Right now the default rules are not very good and all contributions are welcome! Please include at least one new failing and one passing eval for any PR that changes default rules.

Running a review server

Run using npx

npx @vslint/server

Run the server on a custom port by setting the PORT environment variable. You can target this server by setting the reviewEndpoint parameter in the extendExpectDesignReviewer call to DEFAULT_LOCAL_REVIEW_ENDPOINT.

Deploying to Google Cloud

Deploy the dockerfile at packages/server/Dockerfile to run a design review server. You can deploy on Google Cloud by clicking the button below.

Run on Google Cloud

Running in your existing backend

You can run this in your existing backend by directly importing the runReview call

import { runReview } from '@vslint/server';

Running using the shared backend

⚠️ Warning: The shared backend is not recommended for production use as it is a shared resource and rate limited.

You can run this in the shared backend by setting the reviewEndpoint parameter in the extendExpectDesignReviewer call to DEFAULT_REVIEW_ENDPOINT (this is also the default value).

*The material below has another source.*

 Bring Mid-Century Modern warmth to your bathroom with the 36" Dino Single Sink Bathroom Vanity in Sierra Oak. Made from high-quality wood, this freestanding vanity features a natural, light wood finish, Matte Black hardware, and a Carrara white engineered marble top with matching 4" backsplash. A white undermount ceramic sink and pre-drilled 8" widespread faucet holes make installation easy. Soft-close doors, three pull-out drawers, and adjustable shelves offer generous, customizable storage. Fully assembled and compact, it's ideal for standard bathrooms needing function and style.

How do tests pass or fail?

The full logic for how tests pass or fail for both Jest and Vitest is shown below.

flowchart TD
    matchingSnapshot{Matching Snapshot?}

    matchingSnapshot -->|No| inCI{In CI?}
    inCI -->|Yes| failNoSnapshot[Fail: No Snapshot in CI]
    inCI -->|No| hasOpenAICreds{Has OpenAI Credentials?}
    hasOpenAICreds -->|Yes| runReview[Run Review]
    hasOpenAICreds -->|No| runtimeException[Runtime Exception: Missing Credentials]

    runReview --> reviewFails{Review Fails?}
    reviewFails -->|Yes| strict{Strict Mode?}
    strict -->|Yes| failReview[Fail: Review Failed]
    strict -->|No| logSnapshot[Pass: Log Snapshot]
    reviewFails -->|No| logSnapshot[Pass: Log Snapshot]

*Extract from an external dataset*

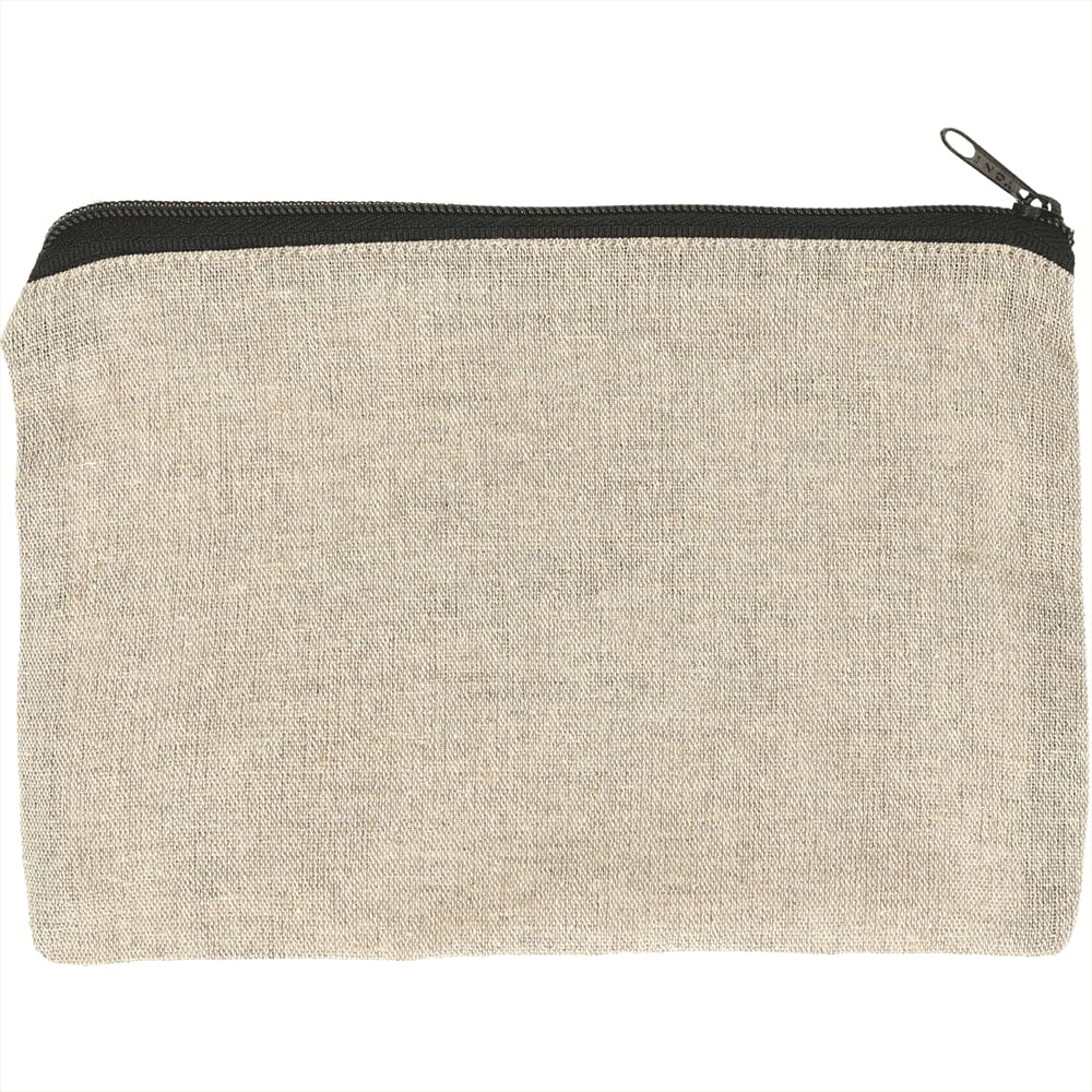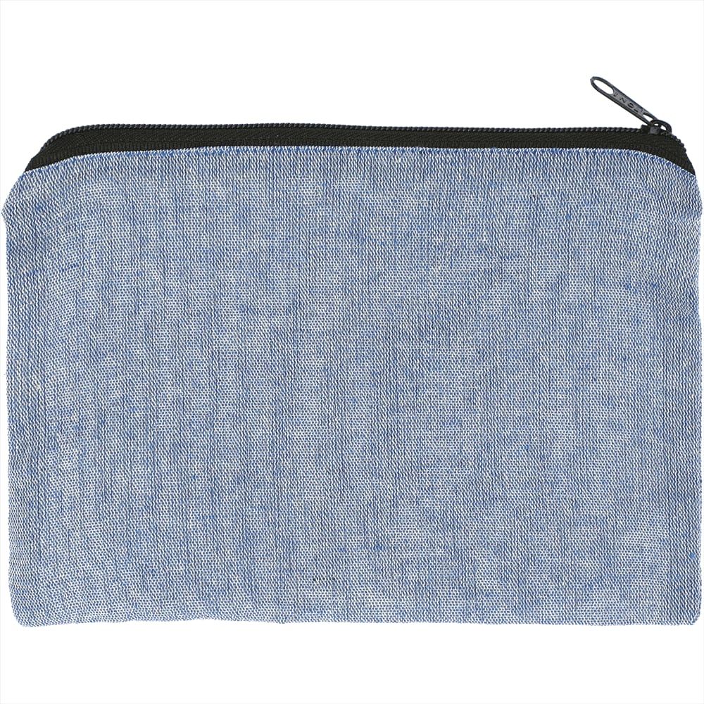 Keep your electronic accessories or toiletries organized in this recycled cotton travel pouch. This pouch features a zippered main compartment and is made with 100% recycled cotton.

    matchingSnapshot -->|Yes| markedFail{Marked Failing?}
    markedFail -->|Yes| strictFail{Strict Mode?}
    strictFail -->|Yes| failMarkedFail[Fail: Marked Failing in Strict Mode]
    strictFail -->|No| pass[Pass: Matches Snapshot]
    markedFail -->|No| pass[Pass: Matches Snapshot]
Loading

Security and Privacy concerns

VSLint supports using OpenAI to perform the design review as well as a shared backend design review server. While the benefit of using the shared backend is that it's free, this does mean that snapshots are sent to the OpenAI API and that your API key is being sent to a server.

License

This project is licensed under the MIT License - see the LICENSE file for details.